I love learning through her the evolution of our most basic drives. The need to make seems completely universal. It is fascinating that it is such a primal drive, that it is in fact not necessity that is the mother of invention as the proverb would have it, but that instead invention precedes need, purpose, goal, and exists most primordially as a force that propels play and exploration. "Mommy, see what I made?" Lara asks frequently, holding up with equal pride a couple of stuck together legos, some complex project from daycare, a toy arrangement, or pointing to one of her artworks that we hung on the wall. Yes, my love, I do see what you made. And I know exactly the deeply warm satisfaction of looking at it that you feel - after all, isn't that what this blog is, me asking all of you to "see what I made"? I am so happy you already get to have that feeling.

January 7 - 1

From the first, creativity is also interpretation. "I'm a Mummer too! Now I'm going to dance," accompanied this ensemble during the parade on New Year's Day when it was too cold to see the regalia'ed men in person and we instead happily watched it on TV. Headband, sash, bracelet, sometimes a cape, sometimes fancy shoes - creative recasting of the self into ephemeral roles without purpose or order, just as a way to try the whims of the imagination on for size.

I wonder if that kind of creativity can be recaptured or approximated. I'm not sure I could do it. You?

4 comments:

Jay said...

I know I can't do it because I am way too self-conscious. I don't ever remember being un-self-conscious in the way my daughter is; I can recall dance class at age 4 and I was already policing myself. Sigh.

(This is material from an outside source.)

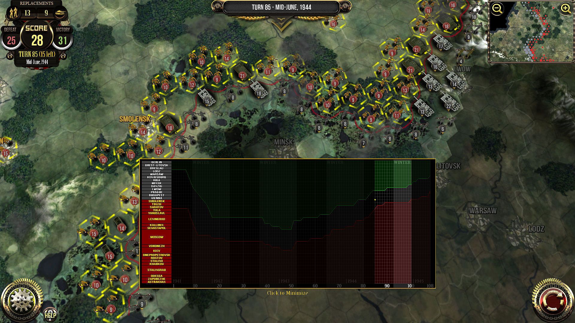 Start in the early days of Operation Barbarossa and follow the German invasion of Russia through to its ultimate failure. Or start later in the war and jump straight into the Russian counter push to Berlin. A massive 108 turn campaign will take you from the opening stages to a final, overwhelming Russian offensive. Four shorter Operations, spanning 16 turns each, take place from June to December of each year and offer a more condensed experience.

btw your word verification is "plumpo". I am not amused.

Anna said...

oh no, Jay! i thought they were supposed to just be a jumble of letters and numbers! stupid blogger.

and i hear you about self-consciousness - i can't work out because of how self-aware i am of my awkward uncoordinated self. even video workouts. even when i am totally alone in the house with the shades drawn. yeah, i know.

Jay said...

Well, they do say if you leave a hundred monkeys in a room with a hundred typewriters (not that you could find a hundred typewrites anymore, or get approval from the IRB).

I should have added a :-) I was, actually, amused.

The current one is sohasms, which sounds like it should be a word. A dirty word.

Unknown said...

I think about this when I see the work the teenagers do at the teen classes at the Glass Center where I take classes. They are not as young as Lara, but they are much "freer" than I am. Of course, at their age I wasn't as free as they are either. Like Jay, I was policing myself pretty darn young. But I'm working on it now. Ironically it's getting harder in some ways as I get technically better. I feel like I "should" be able to make something useful/specific/to a certain standard now. It's harder to just have that joy in being able to make something--anything--that I had when first I started and no one (most especially *me*) had any expectations. Today I spent a couple of hours at the torch and it was actually pretty good--promised myself I could just make twisty rods because they are pretty....and then anything else I felt like. But many times I feel like I have to go in with a plan to make "something." Thanks for the post--it helped put into words something I've obviously been thinking about.